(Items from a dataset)
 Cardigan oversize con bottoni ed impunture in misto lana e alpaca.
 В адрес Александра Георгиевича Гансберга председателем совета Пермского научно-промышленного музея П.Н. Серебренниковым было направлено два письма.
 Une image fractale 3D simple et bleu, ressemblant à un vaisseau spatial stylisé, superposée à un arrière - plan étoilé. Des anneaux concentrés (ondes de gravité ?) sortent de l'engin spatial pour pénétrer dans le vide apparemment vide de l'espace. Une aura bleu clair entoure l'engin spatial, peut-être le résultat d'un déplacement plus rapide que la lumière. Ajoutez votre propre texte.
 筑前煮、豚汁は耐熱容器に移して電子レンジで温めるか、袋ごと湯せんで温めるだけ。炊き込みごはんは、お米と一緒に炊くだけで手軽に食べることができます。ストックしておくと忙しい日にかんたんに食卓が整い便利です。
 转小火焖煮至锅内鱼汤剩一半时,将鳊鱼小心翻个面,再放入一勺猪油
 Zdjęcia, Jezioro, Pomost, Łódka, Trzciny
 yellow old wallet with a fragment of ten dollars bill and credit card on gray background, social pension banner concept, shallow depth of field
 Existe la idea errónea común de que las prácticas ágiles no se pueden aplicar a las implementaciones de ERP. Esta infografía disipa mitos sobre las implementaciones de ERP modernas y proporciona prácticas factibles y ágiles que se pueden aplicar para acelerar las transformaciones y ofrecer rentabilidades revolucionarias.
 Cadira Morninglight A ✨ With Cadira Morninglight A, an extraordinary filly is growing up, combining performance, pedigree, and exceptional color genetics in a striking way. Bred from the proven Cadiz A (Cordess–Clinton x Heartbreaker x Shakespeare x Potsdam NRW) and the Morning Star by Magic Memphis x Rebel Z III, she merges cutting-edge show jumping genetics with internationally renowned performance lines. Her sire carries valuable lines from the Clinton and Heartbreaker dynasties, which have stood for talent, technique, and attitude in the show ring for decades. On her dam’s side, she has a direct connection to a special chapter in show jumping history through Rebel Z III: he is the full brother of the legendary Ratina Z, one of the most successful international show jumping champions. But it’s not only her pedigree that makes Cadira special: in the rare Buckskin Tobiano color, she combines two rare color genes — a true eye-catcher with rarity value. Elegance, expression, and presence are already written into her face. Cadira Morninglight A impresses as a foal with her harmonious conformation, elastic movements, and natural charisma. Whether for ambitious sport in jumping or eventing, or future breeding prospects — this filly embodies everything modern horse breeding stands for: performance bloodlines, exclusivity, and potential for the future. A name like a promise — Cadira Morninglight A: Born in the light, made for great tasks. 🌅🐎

Exercise directions: Take every line above where "with" appears and copy it.

Answer to this task:
 yellow old wallet with a fragment of ten dollars bill and credit card on gray background, social pension banner concept, shallow depth of field
 Cadira Morninglight A ✨ With Cadira Morninglight A, an extraordinary filly is growing up, combining performance, pedigree, and exceptional color genetics in a striking way. Bred from the proven Cadiz A (Cordess–Clinton x Heartbreaker x Shakespeare x Potsdam NRW) and the Morning Star by Magic Memphis x Rebel Z III, she merges cutting-edge show jumping genetics with internationally renowned performance lines. Her sire carries valuable lines from the Clinton and Heartbreaker dynasties, which have stood for talent, technique, and attitude in the show ring for decades. On her dam’s side, she has a direct connection to a special chapter in show jumping history through Rebel Z III: he is the full brother of the legendary Ratina Z, one of the most successful international show jumping champions. But it’s not only her pedigree that makes Cadira special: in the rare Buckskin Tobiano color, she combines two rare color genes — a true eye-catcher with rarity value. Elegance, expression, and presence are already written into her face. Cadira Morninglight A impresses as a foal with her harmonious conformation, elastic movements, and natural charisma. Whether for ambitious sport in jumping or eventing, or future breeding prospects — this filly embodies everything modern horse breeding stands for: performance bloodlines, exclusivity, and potential for the future. A name like a promise — Cadira Morninglight A: Born in the light, made for great tasks. 🌅🐎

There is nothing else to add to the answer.